Настало время прощаться. Ирен взяла юношу за руку.

— Спасибо, что показал мне пещеру, — сказала она, спрыгивая на землю.

— Ты меня вечно благодаришь, не знаю за что… Тебе спасибо, что поехала со мной.

Ирен сгорала от желания спросить, когда они встретятся снова, но инстинкт советовал промолчать. Исмаэль отвязал трос, и «Кеанеос» стало относить от пристани течением.

Остановившись на каменной лестнице, спускавшейся вниз по крутому склону, Ирен смотрела вслед удалявшейся яхте. Стая чаек сопровождала суденышко, державшее курс к портовым огням. На небе луна, кутаясь в облака, проложила над морем серебряный мост, указывая путь к городу.

Ирен взбежала вверх по каменным ступеням с сияющей улыбкой на устах, не предназначенной для посторонних глаз. Господи, как же ей нравился этот парень…

Едва переступив порог дома, Ирен поняла, что произошло какое-то несчастье. В доме все было чересчур чинно, слишком тихо и спокойно. Яркий свет в гостиной на первом этаже оттеснял голубоватые сумерки пасмурного вечера. Дориан, устроившись в одном из кресел, молча таращился на огонь в камине. Симона, повернувшись спиной к двери, стояла с чашкой холодного кофе в руке и смотрела из окна кухни на море. Слышался только шелест ветра, игравшего флюгером на крыше.

Дориан переглянулся с сестрой. Ирен подошла к матери и положила руку ей на плечо. Симона Совель обернулась. Ее глаза были полны слез.

— Что случилось, мама?

Мать обняла Ирен. Девочка сжала в ладонях руки Симоны — они оказались ледяными и дрожали.
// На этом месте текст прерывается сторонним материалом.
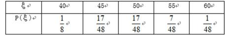 (2) ξ可能的取值为40,45,50,55,60………………………………5分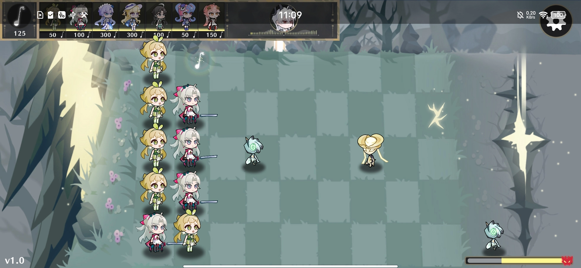 5、接着从左上方的角色按钮里,挑选并拖动角色,把它放到合适的位置,抵御怪物的进攻,守护自己的家园。

— Ханна, — пробормотала Симона.

Последовала долгая пауза. Ветер принялся трепать ставни Дома-на-Мысе.

— Умерла, — закончила мать.

Медленно и плавно, словно карточный домик, мир обрушился вокруг Ирен.

7. Дорога теней

Шоссе, пролегавшее вдоль Английского пляжа, окрашивалось в тона заката, разматываясь до города полоской алеющего серпантина. Ирен, нажимая на педали велосипеда Дориана, оглянулась через плечо на Дом-на-Мысе. Девочке не давало покоя то, что сказала Симона, и ужас, застывший в ее глазах, когда она увидела, что дочь выскакивает из дома сломя голову на ночь глядя. Но стоило Ирен представить, как Исмаэль мчится на всех парусах, чтобы узнать о гибели Ханны, как сомнения отступали.

Симона рассказала, что в середине дня двое туристов нашли тело Ханны на границе леса. Трагическая новость искренне опечалила и повергла в скорбь тех, кто имел счастье познакомиться с разговорчивой девочкой, и всколыхнула волну толков и пересудов. Так, стало известно, что Элизабет Юпер от горя чуть не лишилась рассудка, когда ей сообщили о смерти дочери. Теперь несчастная женщина находилась под действием успокоительных лекарств, которые ей дал доктор Жиро. Но это было далеко не все.

Обрели новую жизнь слухи о старой цепи преступлений, будоражившие местное население много лет назад. Нашлись люди, усмотревшие в новом несчастье очередной эпизод зловещей саги о жестоких убийствах (к слову, так и не раскрытых), которые происходили в лесу Кравенмора в двадцатые годы.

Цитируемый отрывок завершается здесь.